BEAUTY : 513151.88679245283
ENTERTAINMENT : 11640705.88235294
EDUCATION : 1833495.145631068
AUTO_AND_VEHICLES : 647317.8170731707
TOOLS : 10801391.298666667
BUSINESS : 1712290.1474201474
VIDEO_PLAYERS : 24727872.452830188
PERSONALIZATION : 5201482.6122448975
DATING : 854028.8303030303
LIFESTYLE : 1437816.2687861272
TRAVEL_AND_LOCAL : 13984077.710144928
MEDICAL : 120550.61980830671
MAPS_AND_NAVIGATION : 4056941.7741935486
GAME : 15588015.603248259
FOOD_AND_DRINK : 1924897.7363636363
ART_AND_DESIGN : 1986335.0877192982
EVENTS : 253542.22222222222
HOUSE_AND_HOME : 1331540.5616438356
WEATHER : 5074486.197183099
NEWS_AND_MAGAZINES : 9549178.467741935
COMICS : 817657.2727272727
PARENTING : 542603.6206896552
LIBRARIES_AND_DEMO : 638503.734939759
FAMILY : 3695641.8198090694
SPORTS : 3638640.1428571427
SOCIAL : 23253652.127118643
PHOTOGRAPHY : 17840110.40229885
FINANCE : 1387692.475609756
HEALTH_AND_FITNESS : 4188821.9853479853
PRODUCTIVITY : 16787331.344927534
COMMUNICATION : 38456119.16724738

On average, communication apps have the most installs: 38,456,119. This number is heavily skewed up by a few apps that have over one billion installs (WhatsApp, Facebook Messenger, Skype, Google Chrome, Gmail, and Hangouts), and a few others with over 100 and 500 million installs:

In [58]:
for app in google_final:
    if app[1] == 'COMMUNICATION' and (app[5] == '1,000,000,000+'
                                      or app[5] == '500,000,000+'
                                      or app[5] == '100,000,000+'):
        print(app[0], ':', app[5])

WhatsApp Messenger : 1,000,000,000+
imo beta free calls and text : 100,000,000+
Android Messages : 100,000,000+
Google Duo - High Quality Video Calls : 500,000,000+
Messenger – Text and Video Chat for Free : 1,000,000,000+
imo free video calls and chat : 500,000,000+
Skype - free IM & video calls : 1,000,000,000+
Who : 100,000,000+
GO SMS Pro - Messenger, Free Themes, Emoji : 100,000,000+
LINE: Free Calls & Messages : 500,000,000+
Google Chrome: Fast & Secure : 1,000,000,000+
Firefox Browser fast & private : 100,000,000+
UC Browser - Fast Download Private & Secure : 500,000,000+
Gmail : 1,000,000,000+
Hangouts : 1,000,000,000+
Messenger Lite: Free Calls & Messages : 100,000,000+
Kik : 100,000,000+
KakaoTalk: Free Calls & Text : 100,000,000+
Opera Mini - fast web browser : 100,000,000+
Opera Browser: Fast and Secure : 100,000,000+
Telegram : 100,000,000+
Truecaller: Caller ID, SMS spam blocking & Dialer : 100,000,000+
UC Browser Mini -Tiny Fast Private & Secure : 100,000,000+
Viber Mess

A lot of the Communication apps are made or bought by the big tech companies, which in turn gets them a ton of installs. 
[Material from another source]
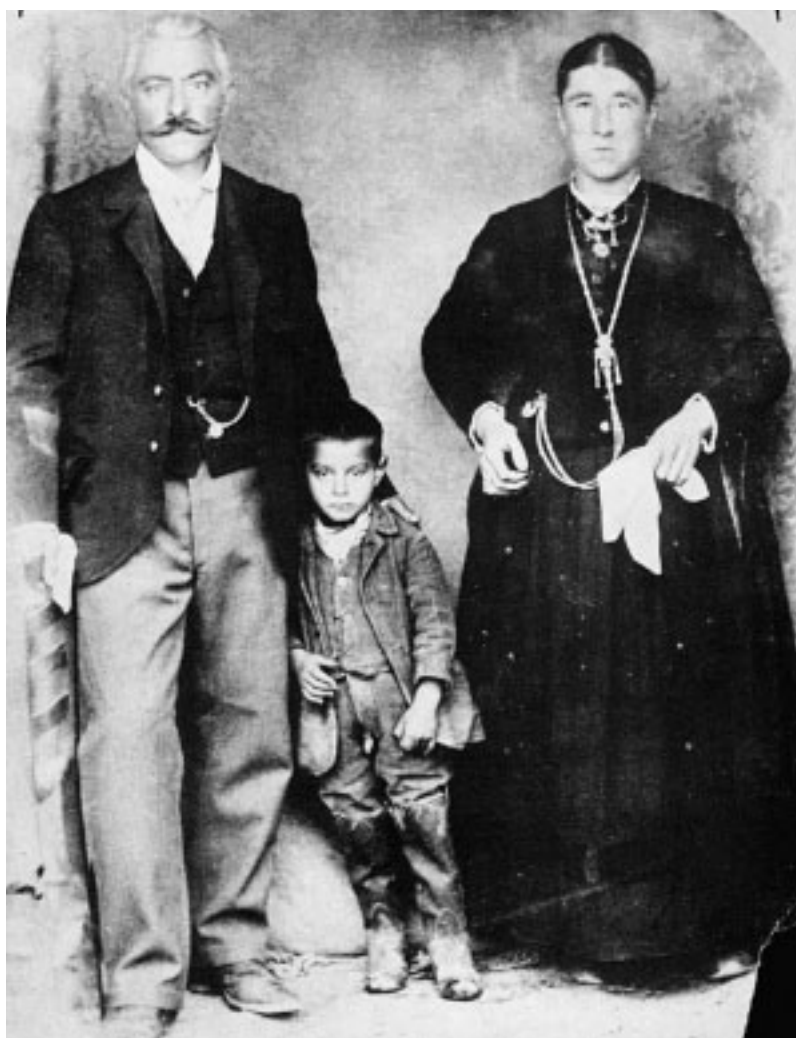
8. Questa è una fotografia davvero straordinaria. Madre e padre, gente di campagna, ma piuttosto ricca, si sono messi in posa con il loro figlio. Non si tratta di una "posa" per ricordo, ma per una precisa documentazione legale. Forse per una eredità. Il povero bambino, infatti, è stato costretto a farsi ritrarre con il microscopico sesso fuori dai pantaloni. Tutto per dimostrare che è un maschio. Insomma, il figlio maschio della famiglia. Oggi, la cosa pare assurda e provoca il riso, ma allora non c'era proprio niente da ridere. La foto dovrebbe risalire agli inizi del '900.

We could still make a Communication app since that genre is very integral to most people's phones, and coincides with the fact that Lifestyle apps take up most of the Apple Store.

# Conclusion

I have surmised that a Communication app would be the best route to take, or a Navigation app where it is use more for touristy purposes. 

I could have looked more into Books & Reference, but the number of installs and reviews for these apps are heavily skewed. Most good Book apps are paid, as well, and the free ones sometimes require subscriptions.

Game apps would have also been a great choice, but the market is so saturated with them, that it would take much longer than the time the company has in order to properly evaluate its performance.

Thank you for reading my Jupyer Notebook!